Knesset committee okays funds for defense-related programs including grants for reservists, trauma treatment
Sam Sokol is the Times of Israel's political correspondent. He was previously a reporter for the Jerusalem Post, Jewish Telegraphic Agency and Haaretz. He is the author of "Putin’s Hybrid War and the Jews"
The Knesset Joint Defense Budget Committee unanimously approves the allocation of funds made available via the 2024 defense budget for the Defense Ministry and defense-related departments operating under the Prime Minister’s Office.
The government’s proposed amended 2024 wartime budget allocates NIS 117 billion ($32 billion) for defense, an increase of NIS 53 billion ($14 billion) over the NIS 64 billion ($17 billion) budget originally approved last year — an increase of 82 percent.

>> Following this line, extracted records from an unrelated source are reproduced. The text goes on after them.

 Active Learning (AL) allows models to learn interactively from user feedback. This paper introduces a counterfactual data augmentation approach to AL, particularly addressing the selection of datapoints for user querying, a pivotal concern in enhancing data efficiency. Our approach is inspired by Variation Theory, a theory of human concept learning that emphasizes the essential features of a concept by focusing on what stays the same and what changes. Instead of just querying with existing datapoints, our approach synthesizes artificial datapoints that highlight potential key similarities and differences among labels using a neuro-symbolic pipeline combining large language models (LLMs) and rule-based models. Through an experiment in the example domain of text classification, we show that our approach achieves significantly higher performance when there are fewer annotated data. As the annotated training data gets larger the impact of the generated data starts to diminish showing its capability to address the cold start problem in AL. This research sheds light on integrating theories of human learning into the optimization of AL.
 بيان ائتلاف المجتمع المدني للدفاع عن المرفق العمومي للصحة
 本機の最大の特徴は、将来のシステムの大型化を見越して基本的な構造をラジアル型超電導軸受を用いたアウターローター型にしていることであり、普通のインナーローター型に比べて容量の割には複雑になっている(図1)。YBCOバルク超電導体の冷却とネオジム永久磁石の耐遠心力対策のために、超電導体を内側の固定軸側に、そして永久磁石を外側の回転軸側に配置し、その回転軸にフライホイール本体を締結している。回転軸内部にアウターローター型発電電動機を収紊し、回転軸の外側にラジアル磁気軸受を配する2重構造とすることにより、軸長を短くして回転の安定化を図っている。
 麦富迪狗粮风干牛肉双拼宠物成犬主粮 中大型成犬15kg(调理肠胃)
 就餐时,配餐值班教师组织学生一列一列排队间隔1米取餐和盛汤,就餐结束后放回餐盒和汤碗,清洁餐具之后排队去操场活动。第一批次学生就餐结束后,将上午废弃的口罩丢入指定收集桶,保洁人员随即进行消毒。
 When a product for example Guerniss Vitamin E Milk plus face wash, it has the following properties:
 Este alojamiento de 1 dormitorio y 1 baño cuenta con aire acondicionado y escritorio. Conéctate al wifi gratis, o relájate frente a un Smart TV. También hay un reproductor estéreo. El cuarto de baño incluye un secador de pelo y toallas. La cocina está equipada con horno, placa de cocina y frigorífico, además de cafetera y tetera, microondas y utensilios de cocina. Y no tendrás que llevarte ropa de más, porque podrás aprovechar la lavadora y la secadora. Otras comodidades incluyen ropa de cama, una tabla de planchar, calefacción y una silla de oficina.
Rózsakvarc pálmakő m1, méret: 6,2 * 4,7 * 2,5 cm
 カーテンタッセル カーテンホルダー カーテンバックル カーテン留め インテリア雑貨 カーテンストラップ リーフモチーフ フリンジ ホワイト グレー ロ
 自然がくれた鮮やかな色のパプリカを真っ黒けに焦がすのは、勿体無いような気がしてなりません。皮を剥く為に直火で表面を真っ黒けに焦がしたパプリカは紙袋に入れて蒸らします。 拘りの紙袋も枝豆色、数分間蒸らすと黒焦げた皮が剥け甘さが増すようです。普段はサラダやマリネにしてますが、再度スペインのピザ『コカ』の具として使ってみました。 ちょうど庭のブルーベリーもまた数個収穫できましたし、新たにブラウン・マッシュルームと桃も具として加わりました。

In addition, the committee approves an NIS 50 billion ($13 billion) in income-contingent spending, an increase of around NIS 32 billion ($8.7 billion), “most of which is from the designated aid grant from the United States” intended to fund the war in Gaza.
According to law, the internal division of the defense budget is approved by the Joint Committee of the Finance Committee and the Foreign Affairs and Defense Committee on the Defense Budget rather than the Knesset plenum.
After consulting with the heads of the Shin Bet security agency, the deputy head of the Mossad and the chief of the IDF Planning Directorate, among others, the committee allocated money for a variety of programs. These include grants for IDF reservists, the rehabilitation of wounded soldiers and the bolstering of efforts to treat war-related trauma.
The Knesset plenum is currently in the middle of a special 25-hour debate ahead of a vote of the proposed amended 2024 wartime budget.
According to the revised budget bill, which was passed by the cabinet in January and approved by the Knesset Finance Committee for its second and third readings last week, the government expenditure limit for 2024 will stand at NIS 584.1 billion ($160 billion), more than NIS 70 billion ($19 billion) higher than the original 2024 budget approved in May 2023, prior to the outbreak of war on October 7.
The budget bill’s second and third readings are scheduled for Wednesday afternoon.